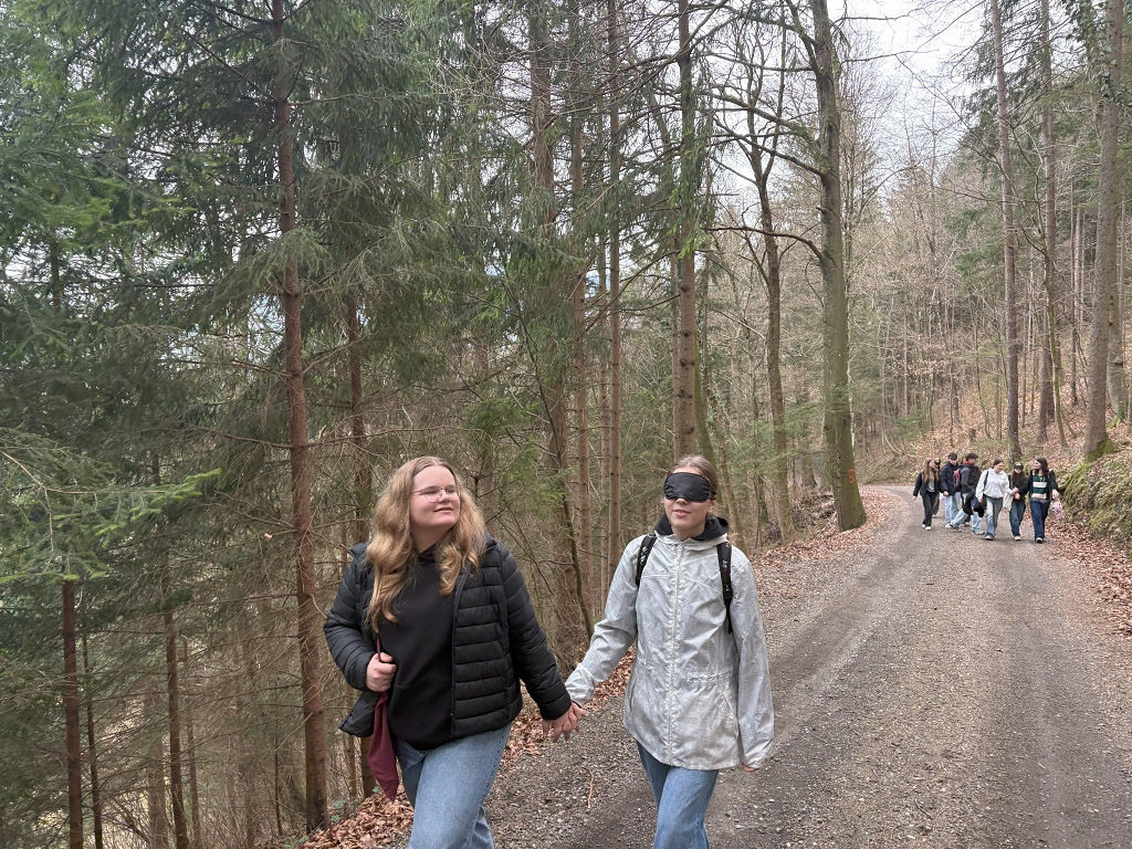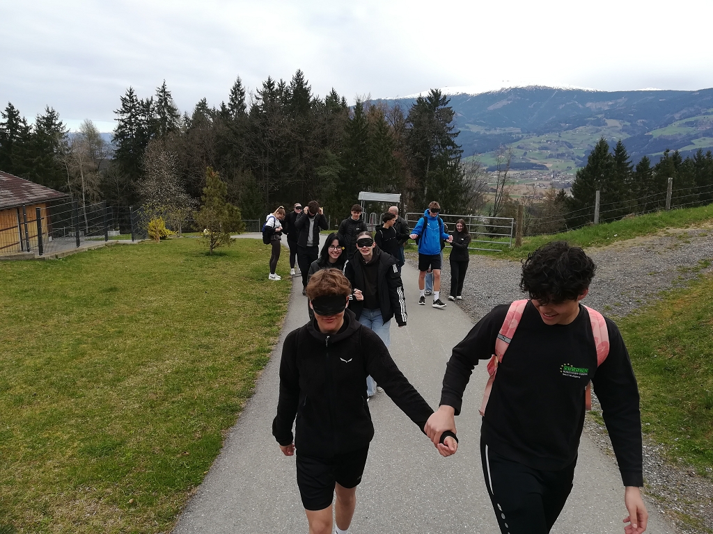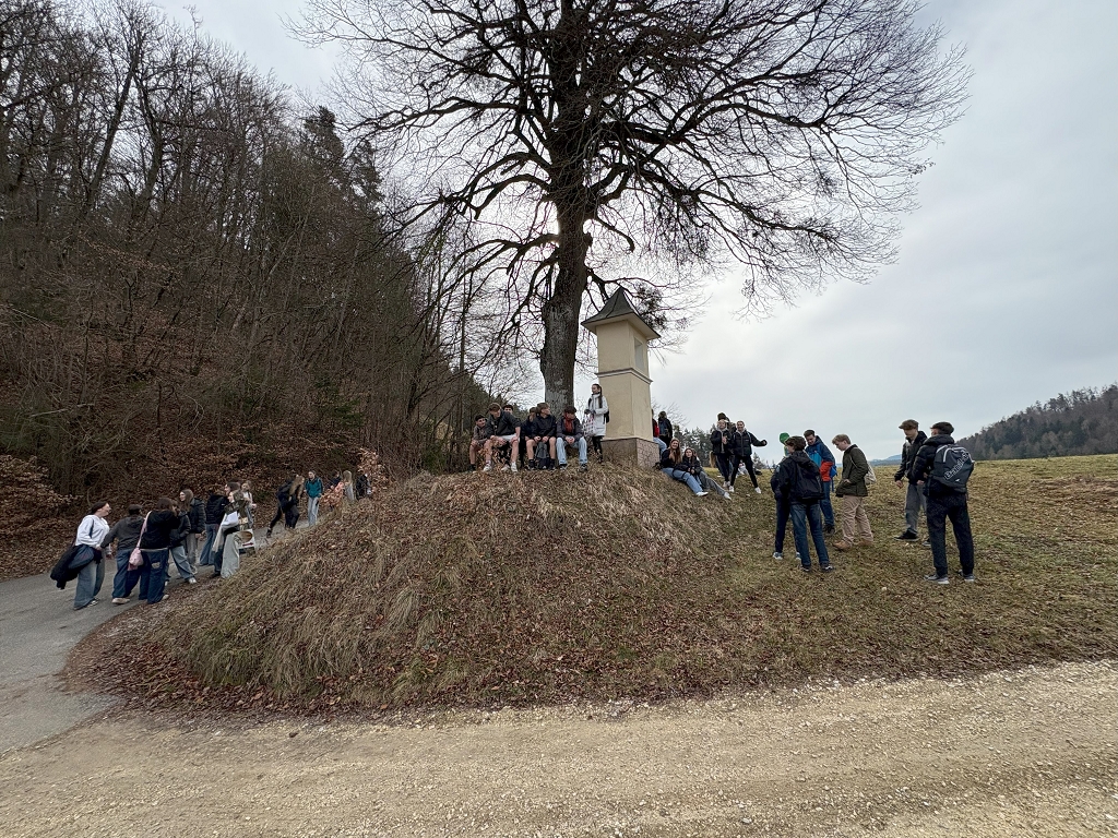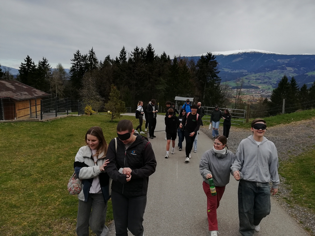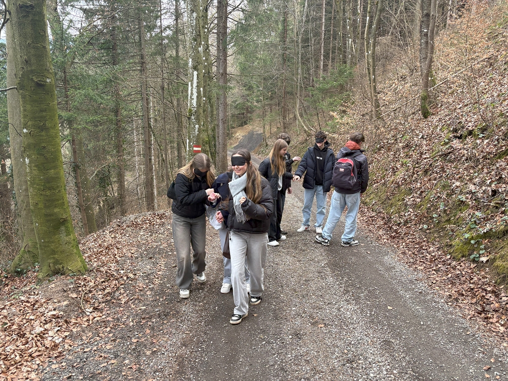 Mit den Schülerinnen und Schülern der Oberstufe hingegen machten sich die Klassen, begleitet von ihren Religionslehrern und Klassenvorständen und dem St. Pauler Diakon Jakob Marinus Mokoru, BEd auf, ihren eigenen, zur Josefskapelle gewandten, Pilgerweg der Hoffnung zu gehen. Begleitet durch einige spirituelle Inputs am Weg, rief er den Schülerinnen und Schülern auf vielfältige Weise Eigenheiten des Lebens und des Glaubens in Herz. Wege allein zu gehen, aber auch gemeinsam, schweigsam zu sein, aber auch anderen zu danken, manch einen Weg blind und auf andere angewiesen zu gehen, aber auch, was es heißt andere zu leiten… und vor allem, immer von Gott angenommen und geleitet zu sein, was jeweils bei einer gemeinsamen Wort Gottes Feier in der Josefskapelle den Abschluss des Einkehrtages bot.
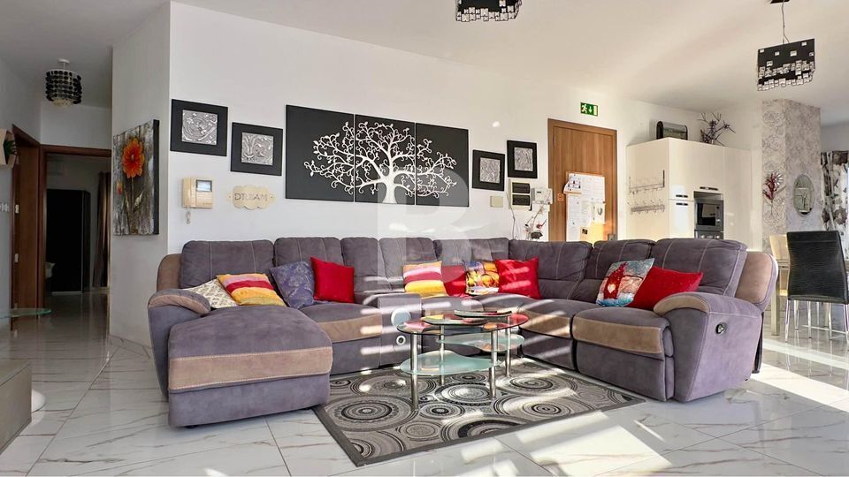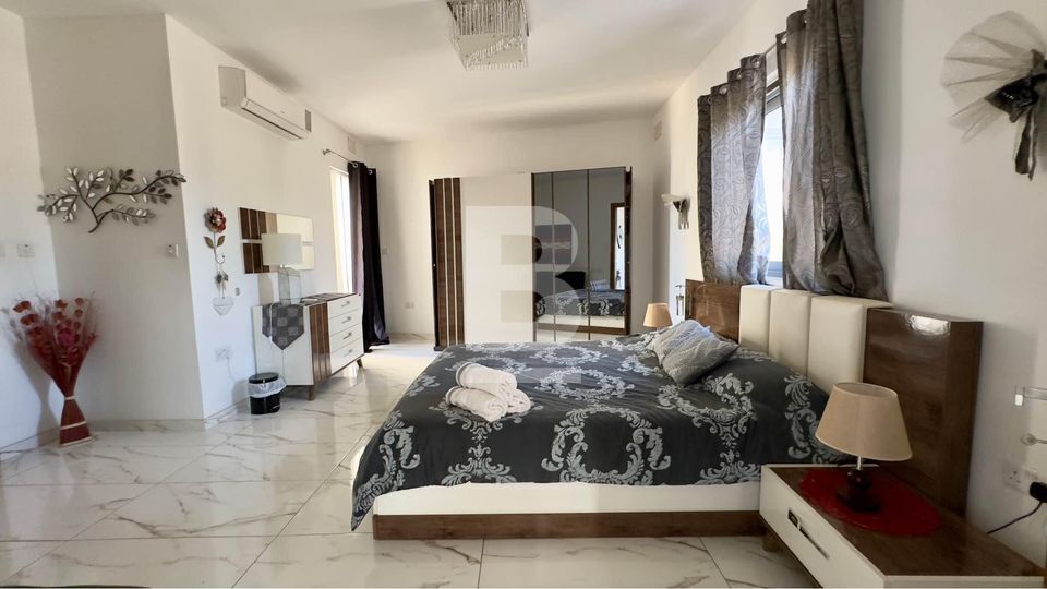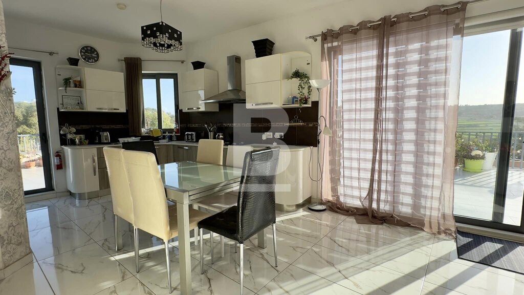 A four-bedroom fully furnished penthouse with side sea views and ODZ views. The layout comprises an entrance into a combined kitchen/living/dining area, four double bedrooms (two of which enjoy an en-suite), a main bathroom, a study area, back terraces, and a large corner 120sqm terrace with a Jacuzzi. An interconnecting staircase leads to a roof terrace that enjoys views of the surrounding village. This property also has permits to develop the airspace and convert it into a duplex. An optional garage is also available.
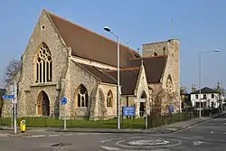 The church dates from June 1870, when a temporary iron building was constructed on the corner of Springfield Road and Denmark Road. Bishop Samuel Wilberforce laid the foundation stone for a permanent church in July 1871, on a site donated by William Mercer in the centre of the new Spring Grove Estate. Mercer also gave £2000 towards the cost of building the church, but it was with difficulty that £7000 was raised to build the essentials. The church was consecrated in November 1872 without the tower or spire that were in the original design by the Surbiton architect A. J. Phelps and with little internal ornament. Carvings, paintings, coloured windows and an organ were introduced over time, but the tower, a squat structure with octagonal turret in matching style, was not added until 1935.[1][2]
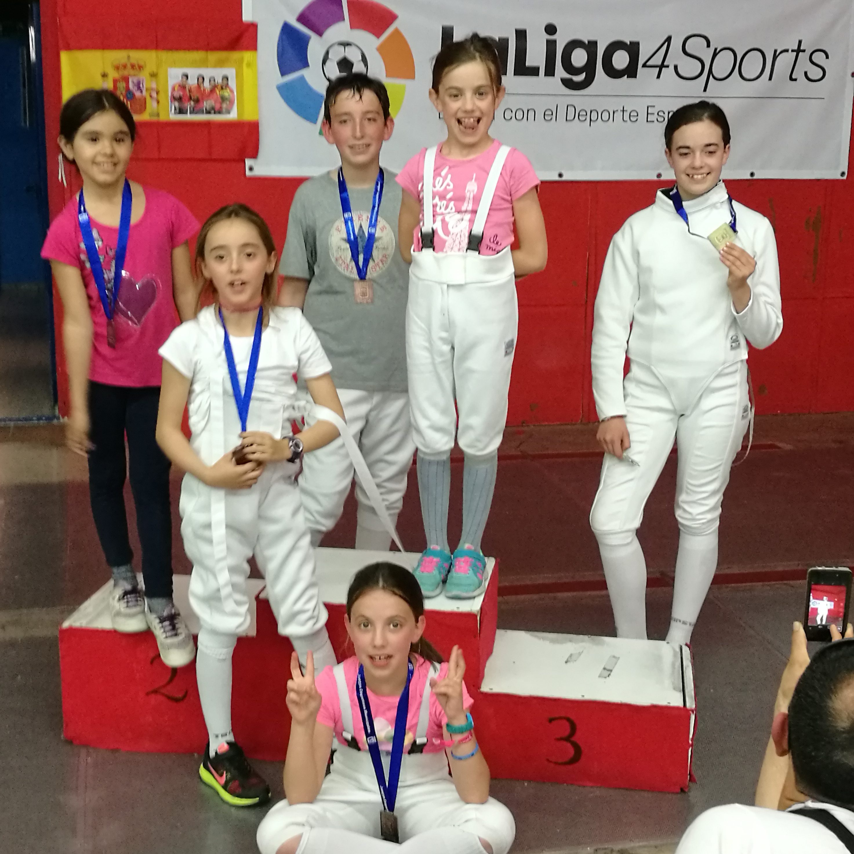 El pasado domingo 7 de mayo compitieron nuestros alumnos: Olivia, Elisa, Celia, Elena, Andrea, Alicia, Jorge y Ángel. En esta ocasión Alicia Jimeno obtuvo medalla de oro y Olivia, Celia, Elena, Jorge y Ángel medalla de bronce en los XXXVII Edición de los Juegos Deportivos Municipales. En total 6 medallas para el CLUB DE ESGRIMA TRES CANTOS. Todos lo hicieron magníficamente bien. Enhorabuena a todos!!!!
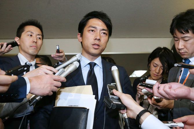 2018年4月13日、自民党総務部会終了後、記者団の質問に答える小泉進次郎筆頭副幹事長。世論調査では「次の総裁」としても名前があがる。(写真=時事通信フォト)
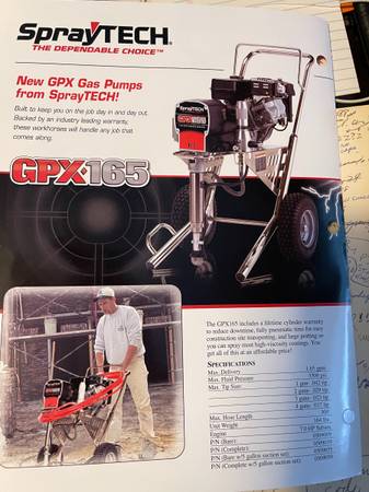 Retiring (at 80) and selling equipment. SprayTech GPX 1.65 gallon per minute Gas piston pump, airless paint and viscous coatings sprayer. I have sprayed small and large commercial metal and non-graveled asphalt based roofs The sprayer is capable of spraying water, oil and solvent based liquids including elastomerics, up to 300 feet away and has 4 gun capability. The 7 horse power gas engine is made by Subaru starts easy. All parts and maintenance items are available here in the USA from Titantool.com. The owner's manual pictured shows GPX 130 but is applicable for the GPX Series.
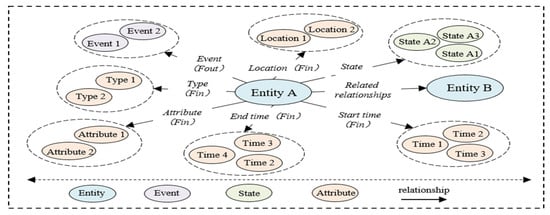 (1) Temporal knowledge graph. It focuses on adding timestamps or time intervals to annotate entities and state changes in the knowledge graph. When time dependency exists, the state and characteristics of entities at various times can be easily determined []. For example, Tanon et al. [] developed the Yet Another Great Ontology (YAGO) model, which incorporates a temporal dimension into entity attributes by adding start and end times to indicate the validity of those attributes within a specific time range. However, the YAGO model has limitations in addressing complex temporal interactions and characterizing entity changes, providing only basic temporal information. Related organizations [,] developed a semantic knowledge base DBpedia based on Wikipedia, which captures relevant information about objects at specific times, tracks changes in knowledge over time, analyzes dynamic changes and development trends []. The geographic knowledge representation model (GeoKG) by Zhang et al. [] comprises the following six interrelated components: location, time, attributes, state, change, and relationship. By incorporating specific temporal information and the overall characteristics of different states, the model effectively captures the states of geographic entities at various times and their temporal changes []. He et al. [] proposed a geo-scene knowledge representation framework for expressing the representation and intrinsic relationships of geographic scenes. Mao et al. [] proposed a spatiotemporal process-based conceptual model of urban waterlogging emergency ontology and explored the construction of its knowledge graph through key technologies like knowledge extraction, fusion, and storage. Zhu et al. [] proposed a GKG adaptive representation model that considers complex spatiotemporal features and relationships. This model adaptively represents geological knowledge based on the spatiotemporal correlation of different types of geological knowledge under the constraint of a unified spatiotemporal ontology. The spatiotemporal knowledge graph is effective for recording and describing the temporal correlation in between and simple spatiotemporal information about geographic entities. However, it has certain limitations in capturing changes in entities and their causal relationships, which limits in-depth research on geographic spatiotemporal processes [].
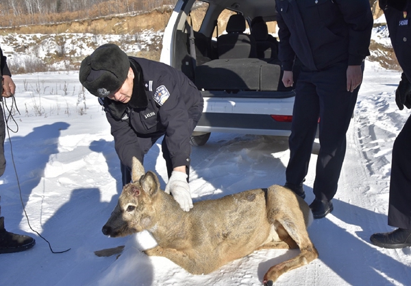 2月2日,正值大年初二,塔河縣公安局森保大隊民警接到鎮(zhèn)內(nèi)群眾的報警求助電話,稱一只疑似狍子的野生動物誤闖進(jìn)自己家倉庫院內(nèi),民警立刻趕往現(xiàn)場。到達(dá)現(xiàn)場后,民警判斷這是一只成年狍子。報警群眾稱和親戚費(fèi)了不少勁才把這只誤闖居民區(qū)的袍子抓住,為了防止其亂跑受到意外傷害專門用繩子將其腿系住,然后立刻報了警。經(jīng)過仔細(xì)查驗,森保民警確認(rèn)袍子沒有明顯傷病。在精心照顧和觀察了兩個小時后,看到其行動能力正常,精神狀態(tài)良好,符合放生條件后,森保大隊民警和報警群眾將這只狍子放歸了大自然?!鞍菽辍贬笞釉谕瓿闪俗约旱男脑负笤谌藗兊哪克拖職g快地回歸了山林。
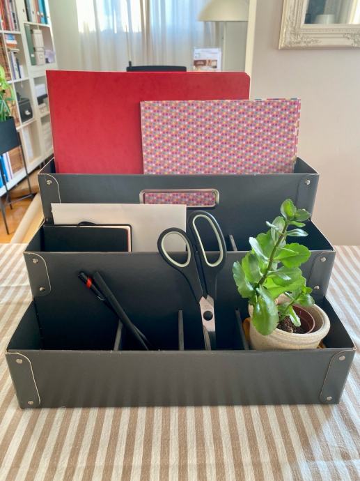 Organizator za radni stol s više pretinaca. Dimenzije: širina 35cm, dubina 24,5cm i visina 22cm. Ikea.
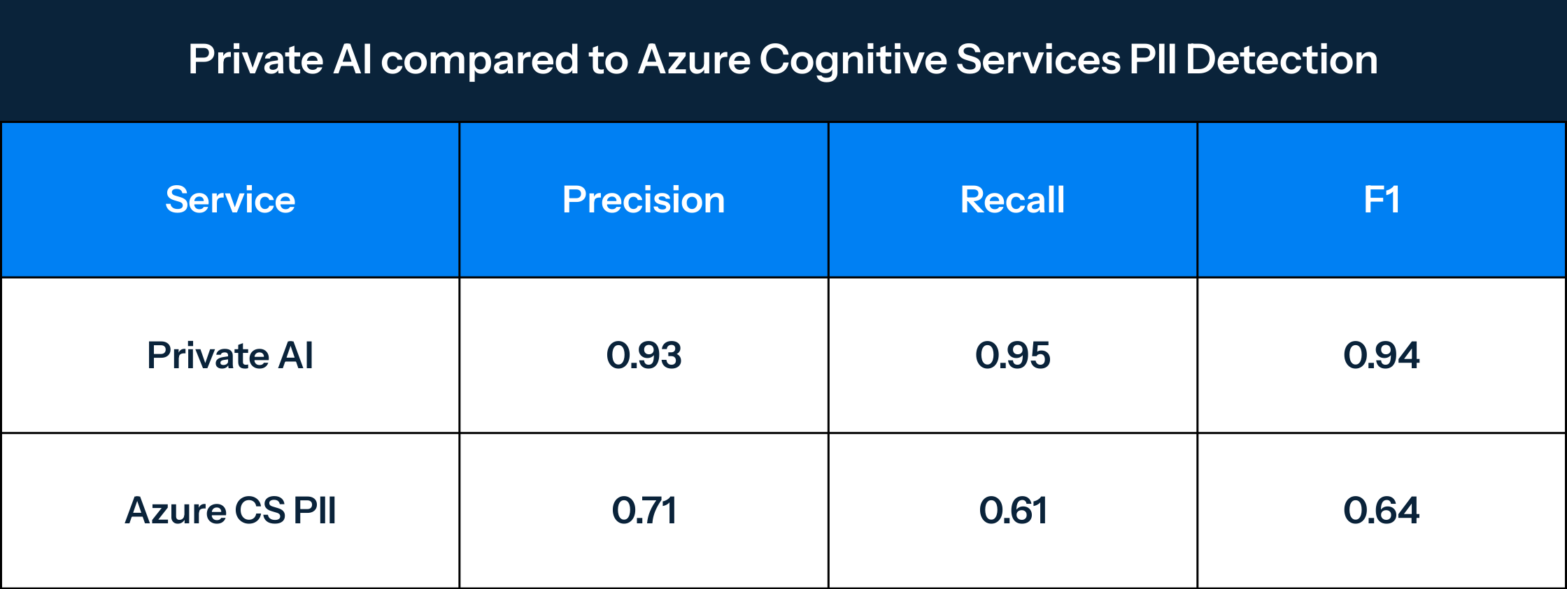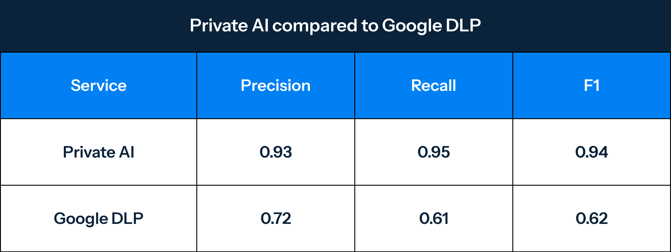 When you've spent 6 years purpose-building a solution specifically for PII detection challenges, recall becomes the critical metric for evaluating performance.  For our customers, missed PII is a significant event that can lead to severe consequences, such as data breaches, identity theft, or legal implications. Therefore, we aim to minimize the number of false negatives, or missed PII, in order to provide our customers with the best possible protection and peace of mind.

-- TASK DETAILS --
Please, without any of the pictures, set down exactly the lines from the beginning of the listing to the line that contains "A four-bedroom fully", inclusive.

-- ANSWER --
 Mit den Schülerinnen und Schülern der Oberstufe hingegen machten sich die Klassen, begleitet von ihren Religionslehrern und Klassenvorständen und dem St. Pauler Diakon Jakob Marinus Mokoru, BEd auf, ihren eigenen, zur Josefskapelle gewandten, Pilgerweg der Hoffnung zu gehen. Begleitet durch einige spirituelle Inputs am Weg, rief er den Schülerinnen und Schülern auf vielfältige Weise Eigenheiten des Lebens und des Glaubens in Herz. Wege allein zu gehen, aber auch gemeinsam, schweigsam zu sein, aber auch anderen zu danken, manch einen Weg blind und auf andere angewiesen zu gehen, aber auch, was es heißt andere zu leiten… und vor allem, immer von Gott angenommen und geleitet zu sein, was jeweils bei einer gemeinsamen Wort Gottes Feier in der Josefskapelle den Abschluss des Einkehrtages bot.
 A four-bedroom fully furnished penthouse with side sea views and ODZ views. The layout comprises an entrance into a combined kitchen/living/dining area, four double bedrooms (two of which enjoy an en-suite), a main bathroom, a study area, back terraces, and a large corner 120sqm terrace with a Jacuzzi. An interconnecting staircase leads to a roof terrace that enjoys views of the surrounding village. This property also has permits to develop the airspace and convert it into a duplex. An optional garage is also available.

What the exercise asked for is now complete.